Re RA Nominees Pty Ltd
[1993] ATMO 40
•7 May 1993
Trade Marks Act 1955
Decision of a Delegate of the Registrar of Trade Marks
Re:Application number 534635, in the name of RA Nominees Pty Ltd, to register a trade mark.
Trade mark application 534635 was lodged on 18.5.90, and seeks registration in respect of all goods in international class 12, being, generally speaking, land, air and water vehicles and their parts. The mark the subject of the application is CUSTOM CHROME.
An examiner of trade marks has objected that the trade mark does not comply with the registrability requirements of section 26(2) of the Trade Marks Act in that it is entirely lacking in the inherent adaptation to distinguish the applicant's goods from those of other traders. The outstanding objection was addressed at hearing by the applicant's patent attorney, Mr John Pizzey, of the attorney firm Pizzey and Company.
Mr Pizzey opened his submissions by pointing to a difficulty the examiner of trade marks had initially experienced in coming to grips with an alleged meaning of the term custom chrome. This is true, at least on a superficial level: the examiner had originally formed the view that the words in question were a direct reference to the character of the goods as being "custom made of chrome and/or customised with chrome".
However, as the attorney has conceded, the word "custom" is one that has evolved over time. The attorney has quite correctly conceded that "in the respective trade, CUSTOM CAR PARTS are taken to mean after market car parts and accessories, generally not of the original car manufacturer and adapted for fitting to a vehicle to modify it in some way. Thus the term has evolved away from "customising" and more to mass produced parts available to vehicle owners as a replacement of an original part or as a bolt on accessory to the vehicle".
The applicant has not disputed that the term "custom wheels" is a common one, for instance, and I am satisfied that this term is commonly used to mean a range of off the shelf wheels that are a bolt on replacement of the factory originals. However, the term "custom" still retains some of its older import, and an expression such as "custom headers" could as easily mean an off the shelf set of exhaust headers as a one-off item made up to suit a particularly tricky installation.
Nor did Mr Pizzey dispute that the term "chrome" has considerable currency in relation to car parts. The applicant itself has produced examples of usages such as "chrome air cleaner", "chrome rocker cover" and so forth. Mr Pizzey's argument was to the point that the examiner had not been able to locate a single entirely appropriate use of the term "custom chrome" in relation to such goods. Neither have I, for that matter.

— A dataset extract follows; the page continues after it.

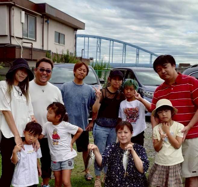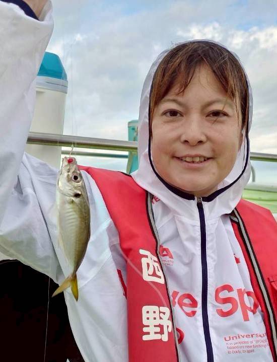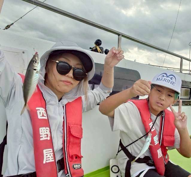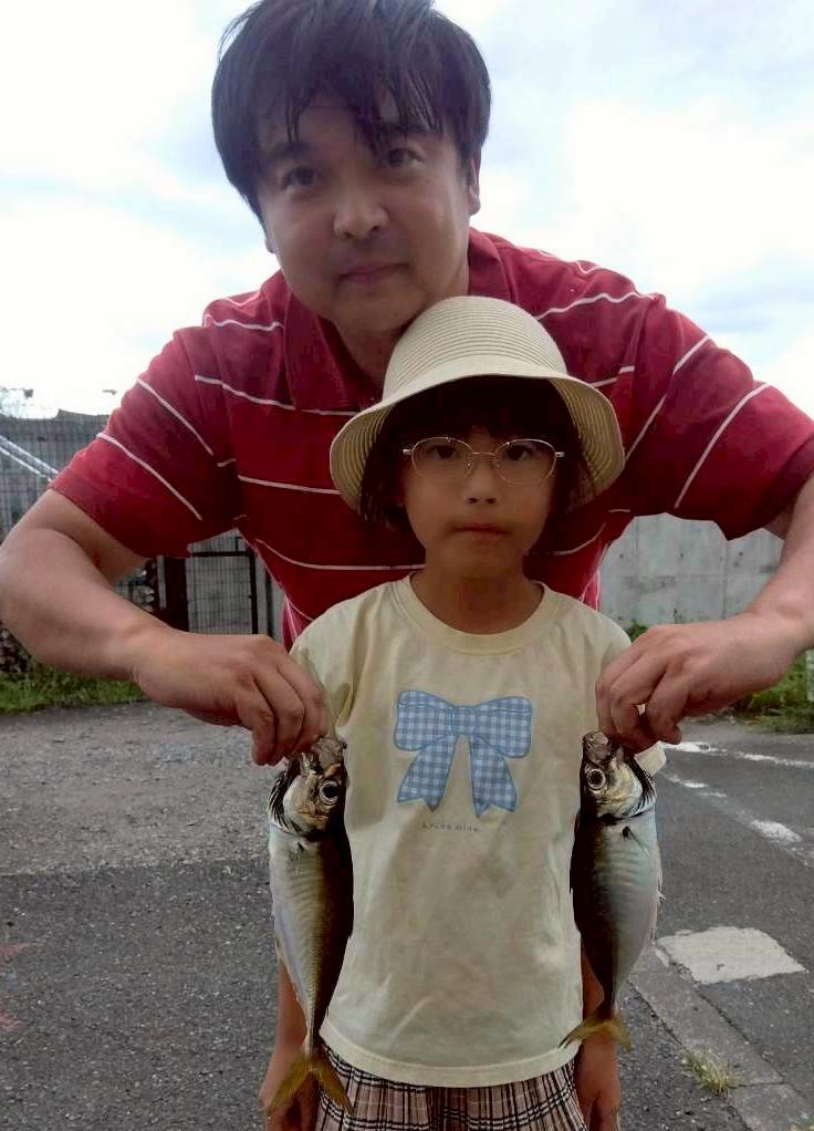 バラシが多いながらもタモを入れたり、ハリスを1.5号から2号に変えてもらったり、試行錯誤しながら(^o^;)28㌢〜34㌢の尺前後のアジを、それぞれのご家族で数本ゲットできました(^^)v
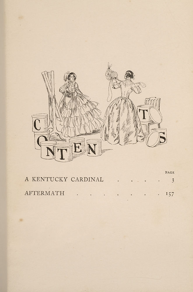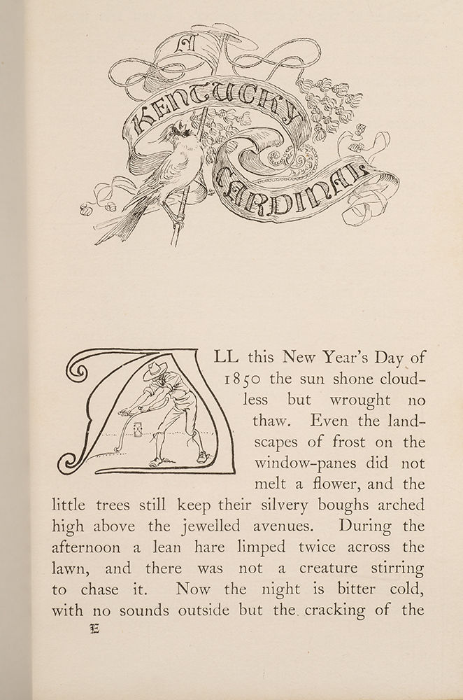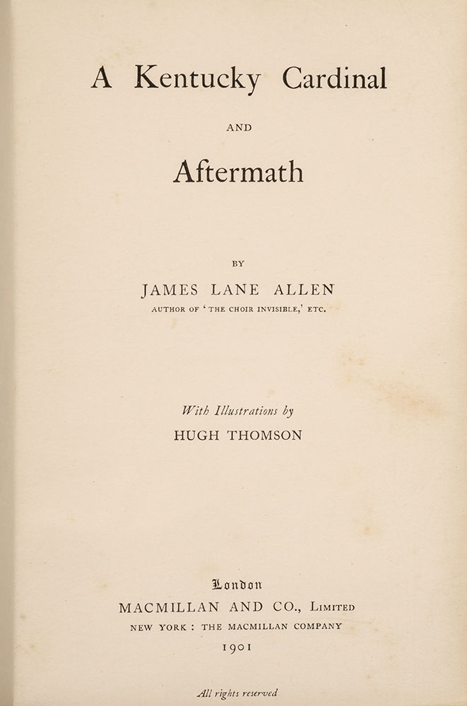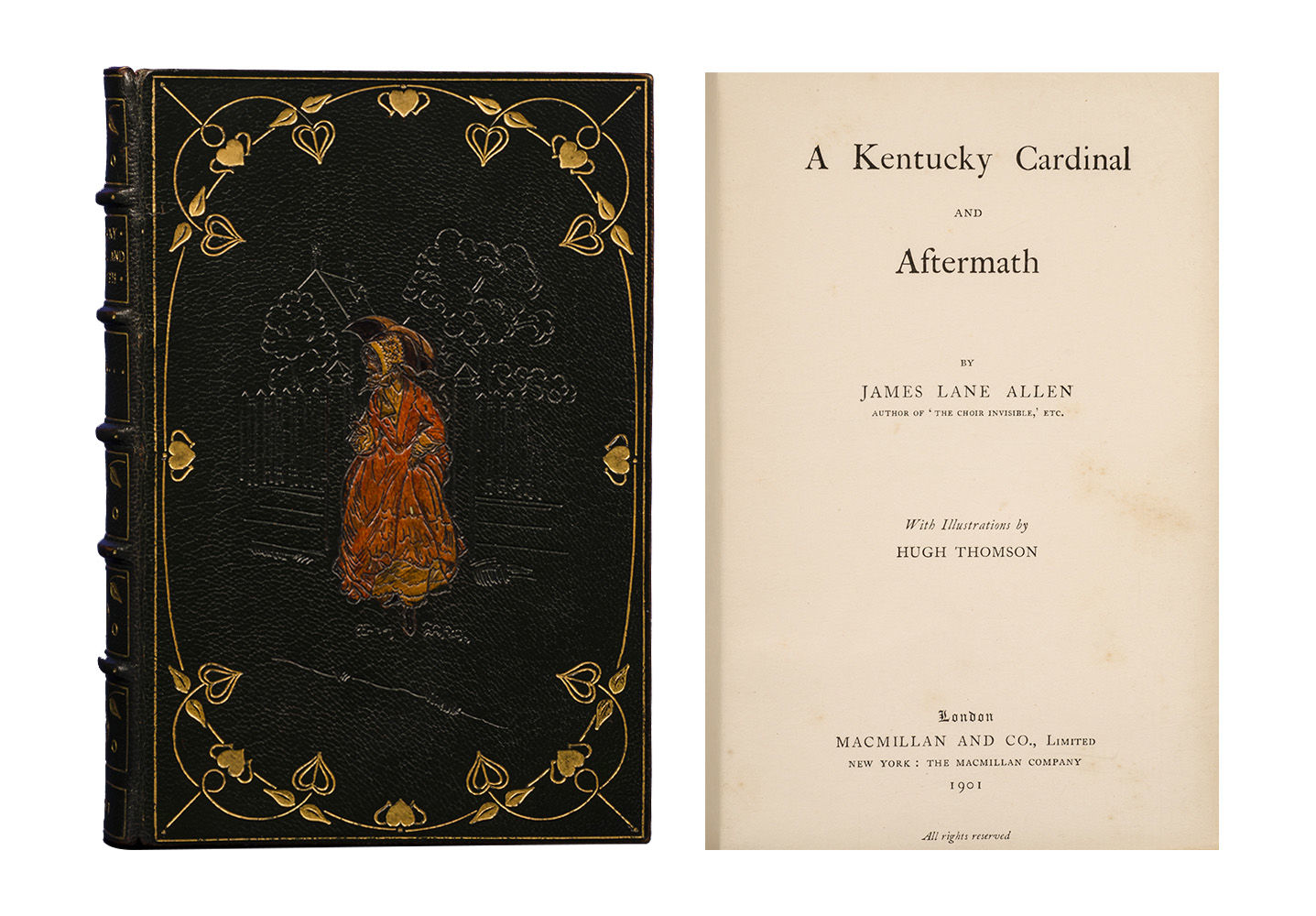 A Kentucky Cardinal, and Aftermath is an antebellum romance spread over two novels written by James Lane Allen (1895–96). The books recount the story of the nature-loving naturalist Adam Moss who falls for Georgianna, a high society girl. The first book follows their courtship and the second their marriage. Allen’s richly descriptive text is certainly influence by his youth spent in Kentucky. Here the book is brought to life through illustration and design.The artist, Hugh Thomson (1860-1920), was most famous for his illustrations of Austen’s work, as well as the work of Charles Dickens. Known for his attention to detail, he would often spend a great deal of time in museums researching the lifestyles and dress of the characters he was depicting.

Mr Pizzey argued that no trader acting with proper motives would want to use the term custom chrome to designate chromed custom car parts. He went on to argue that if the term as a whole has not been proved to be in current use as a descriptive one then the term as a whole must have some inherent merit as a trade mark. If that is so then his client is entitled to rely on the mark's extensive use and reputation and should be able to obtain registration. However, the onus is not on me to find reasons for keeping the mark off the register, but on the applicant to make a reasonable case for entitlement to registration.
To my mind the primary signification of the words custom chrome is no more than the sum of its parts: custom car or other parts that feature chrome, presumably used either as a plating or an alloy. I find that they constitute, together, a direct reference to the character of the goods, for the purposes of s 24(1)d of the act. If they are ever to achieve registration then it must be by way of the following sub-section, s 24(2), which provides that
(2) A name, signature or word (not being a name, signature or word described in paragraph (a), (b), (c) or (d) of the last preceding sub-section) is not registrable in Part A of the Register unless it is, by evidence, shown to be distinctive.
The scheme of the act is such that no trade mark is registrable in Part A or Part B unless it is distinctive, or at least able to become distinctive in the case of Part B. Sub-section 26(2) provides that:
(2) In determining whether a trade mark is distinctive, regard may be had to the extent to which-
(a) the trade mark is inherently adapted so to distinguish; and
(b) by reason of the use of the trade mark or of any other circumstances, the trade mark does so distinguish.
Moreover, it is a truism of Trade Marks law that in that context "may" means "must".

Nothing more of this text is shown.